Better late than never : GSoC 2020

This summer (and beyond), I will be contributing to SkyhookDM under Google Summer of Code 2020 under the flagship of CERN-HSF organisation.

SkyhookDM is an open source project within the Center for Research on Open Source Software (CROSS) at the University of California Santa Cruz. Over this summer, I would be working under the guidance of project mentors Jeff LeFevre, Aaron Chu, Ivo Jimenez and Noah Watkins.

What is SkyhookDM?

To put simply, SkyhookDM is a programmable storage for databases.

What is a programmable storage?

Most of the storage systems are designed to be treated as monolithic in nature, meaning that they do not expose any details of their internal functionalities to the applications which interact with them.

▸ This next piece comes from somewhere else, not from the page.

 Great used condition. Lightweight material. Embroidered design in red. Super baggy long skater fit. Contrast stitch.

As a result of this, the applications which need such functionalities often need to have these functionalities implemented in them. This is clearly a case of extra work being done, when such a functionality could have been found lower in the stack.

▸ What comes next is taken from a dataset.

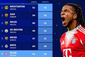 體育資訊4月11日訊 拜仁在歐冠客場2-1擊敗皇馬,奧利塞送出助攻。《轉會市場》統計顯示他已經躋身新世紀五大聯賽球員單賽季各項賽事助攻榜第7位。
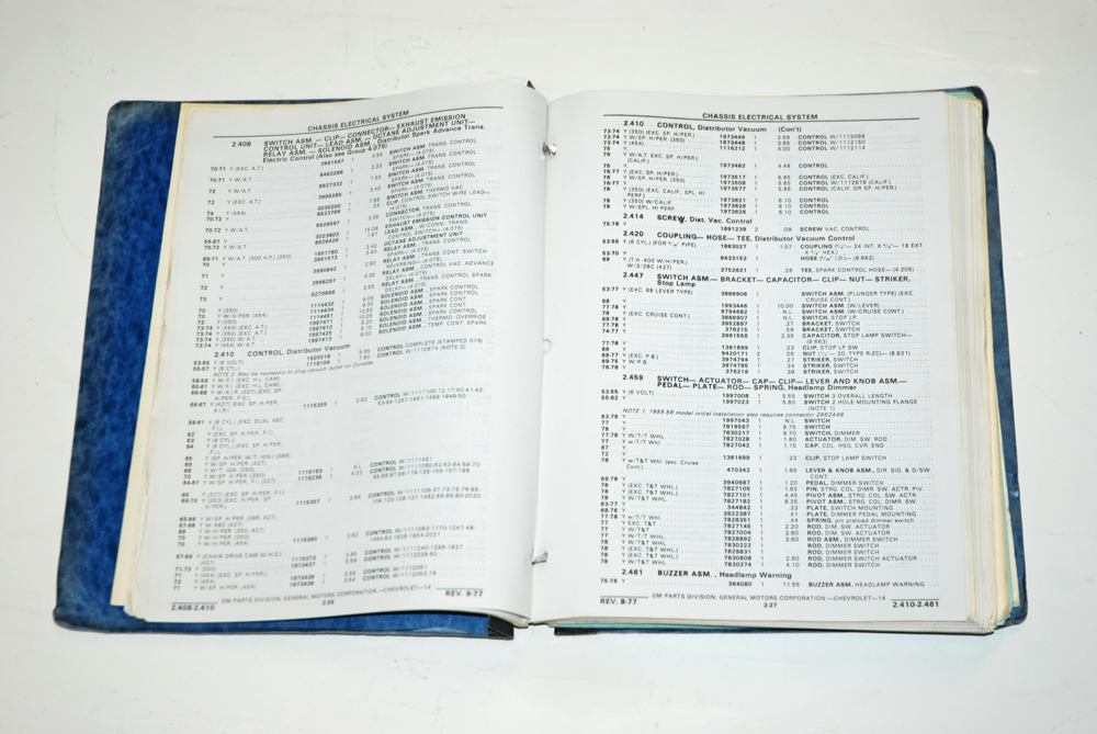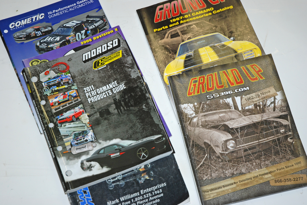 Figure out what you have. Vintage OEM parts catalogs, restoration company catalogs, speed shop catalogs and a dog-eared Hollander Interchange manual are resources we use to establish the exact identity of the pieces.

To counter this issue, programmable storage systems can be used, which expose the internal subsystem abstractions as interfaces to enable the creation of higher-level services via composition.

Skyhook leverages programmable storage capabilities to enable data management for elastic databases in the cloud. It is based upon the Ceph distributed object storage system, which has its origins at UC Santa Cruz. It allows data management directly within the storage layer of the distributed object storage system, in this case Ceph.

My responsibilities

Skyhook uses customised C++ object classes to offer support for offloading database operations directly to the object storage layer. The project aims to improvise and extend SkyhookDM’s capabilities by incorporating the following functionalities:

  1. GROUPBY and ORDERBY database operations: Extend current aggregation method to include GROUPBY and sort (ORDERBY) for an object’s formatted data partitions.

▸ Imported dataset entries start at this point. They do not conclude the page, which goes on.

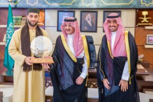 وكرم سموه خلال الاستقبال الفائزين بالمركز الأول لكل من الفروع الخمسة في مسابقة نادي القادسية لحفظ القرآن الكريم وهم:
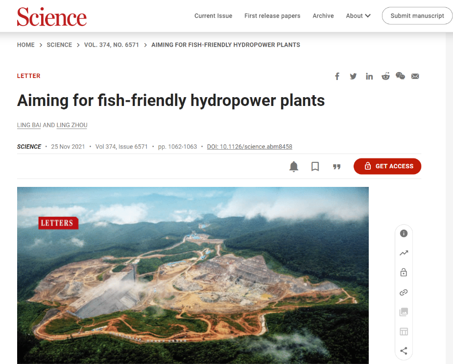 On Nov. 25, a young teacher of our university published a Letter paper entitled ‘Aiming for fish-friendly hydropower plants’ in Science journal. (Vol 374, Issue 6571, DOI: 10.1126/science.abm8458) Jiangsu University is the only author affiliation of this article, and researcher Zhou Ling of our fluid center is the corresponding author.
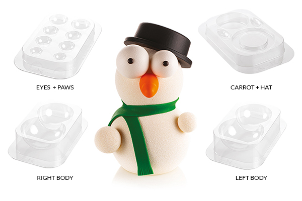 Zestaw 4 form do czekoladowych elementów wykonanych z wysokiej jakości formowanego termicznie tworzywa sztucznego. Dzięki użyciu form do czekolady Silikomart możemy wykonać dekorację z czekolady w postaci bałwana 3D.
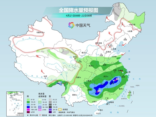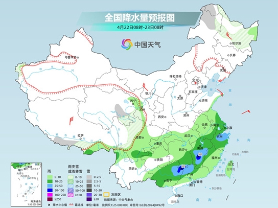 4月20日至22日,我国降水范围较大,南方多地雨势较强,西南地区东部、江汉南部、江南大部和华南中北部等地有大到暴雨,局地大暴雨,并伴有强对流天气,需注意防范。同时,受冷空气和阴雨影响,长江中下游及其以北多地气温下降,黄淮、江南等多地冷暖反差明显,公众请适时添衣,谨防感冒。

  2. Statistics collection: Implement a custom method for data statistics collection of an object’s formatted data partitions in form of histograms.

  3. Data compaction: Implement compaction of multiple formatted sub-partitions within an object into a single partition.

My contributions so far

Following are some of the issues I worked on (not necessarily related to proposal) to familiarise myself with the code base:

  1. Upgrade Skyhook to Ceph Nautilus #86: Skyhook is built on Ceph v12.2.13 Luminous as of now, it is to be upgraded to v14.2 Nautilus

  2. Replace deprecated functions in Apache Arrow 17 #88: Fixed some functions which were causing the build to fail when new Arrow version was released

  3. Others: #82, #97

Epilogue

Working towards and applying for this project has been an extremely productive and quality learning experience. I extend my heartfelt gratitude to my mentor Jeff LeFevre for guiding me along the process and helping me to figure things out.

I would also like to thank my mom, for being a rock-solid support system and my friends, Vanshika and DD, for nudging me into giving GSoC a second shot. (Yes, I had applied and been rejected before once, in 2018)

I feel privileged to be a part of the wonderful CROSS community and I look forward to having a fun-filled learning summer ahead!

References and Further Reading

[1] Skyhook Data Management
[2] programmability.us
[3] Skyhook architecture

Until next time. :)

Aditi

Written on May 9, 2020